What is being asked
Go through the listing below and repeat it exactly, dropping the pictures.

*** Information supplied Section Begins ***

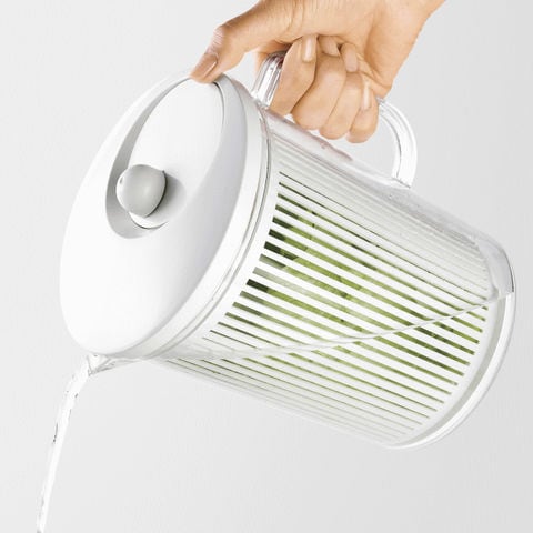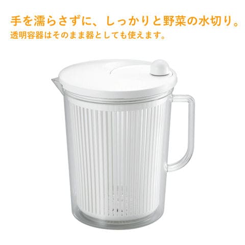 | 手を濡らさずに、しっかりと野菜の水切り。 透明容器はそのまま器としても使えます。 |
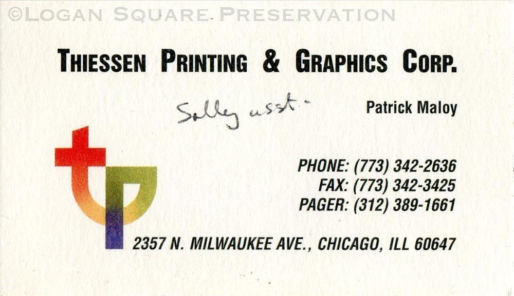 Business card printed on cream-colored paper for Patrick Maloy at Thiessen Printing & Graphics Corp, circa 1990sCollection
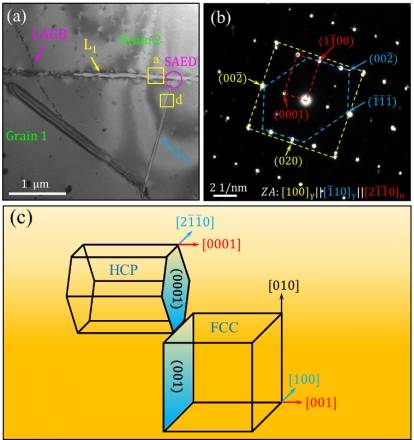 近期,李阁平研究组在大量透射电子显微镜实验研究基础上,发现了一种新位向关系的FCC相。经过选区电子衍射标定,这种类型FCC相与基体的位向关系为:
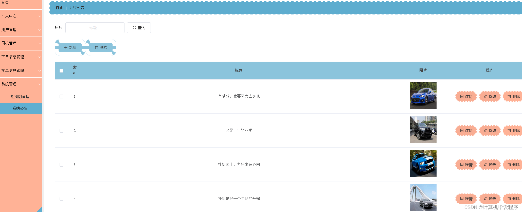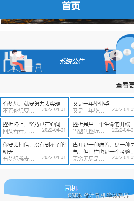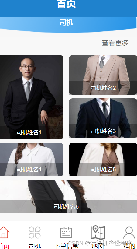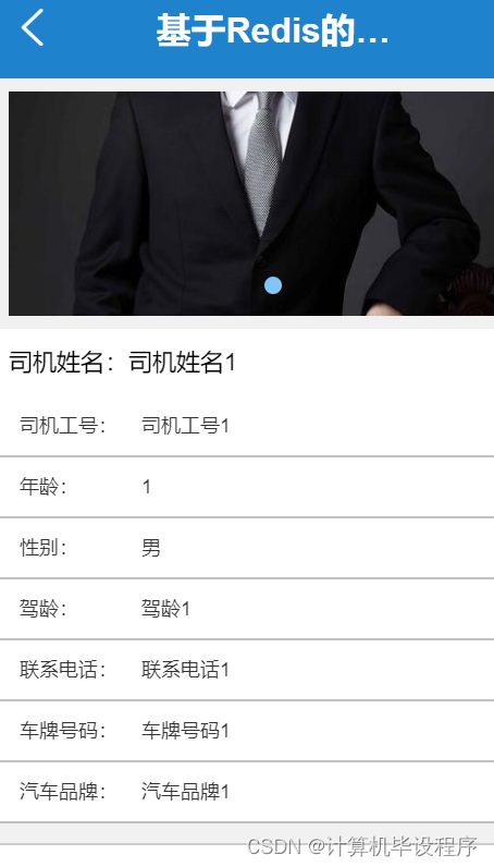 在展示的界面上显示了司机的相关资讯,用户可以点击司机的图片,就可以查看司机的详细资料。必须在前面的接口中用 CSS风格来修饰网页,在风格标记中定义 CSS风格。脚本风格中有很多的处理功能,用户在点击司机的图片时,会有一个功能的对应用户的要求,跳跃到司机细节页面。

*** Information supplied Section Ends ***

Output for this task
 | 手を濡らさずに、しっかりと野菜の水切り。 透明容器はそのまま器としても使えます。 |
 Business card printed on cream-colored paper for Patrick Maloy at Thiessen Printing & Graphics Corp, circa 1990sCollection
 近期,李阁平研究组在大量透射电子显微镜实验研究基础上,发现了一种新位向关系的FCC相。经过选区电子衍射标定,这种类型FCC相与基体的位向关系为:
 在展示的界面上显示了司机的相关资讯,用户可以点击司机的图片,就可以查看司机的详细资料。必须在前面的接口中用 CSS风格来修饰网页,在风格标记中定义 CSS风格。脚本风格中有很多的处理功能,用户在点击司机的图片时,会有一个功能的对应用户的要求,跳跃到司机细节页面。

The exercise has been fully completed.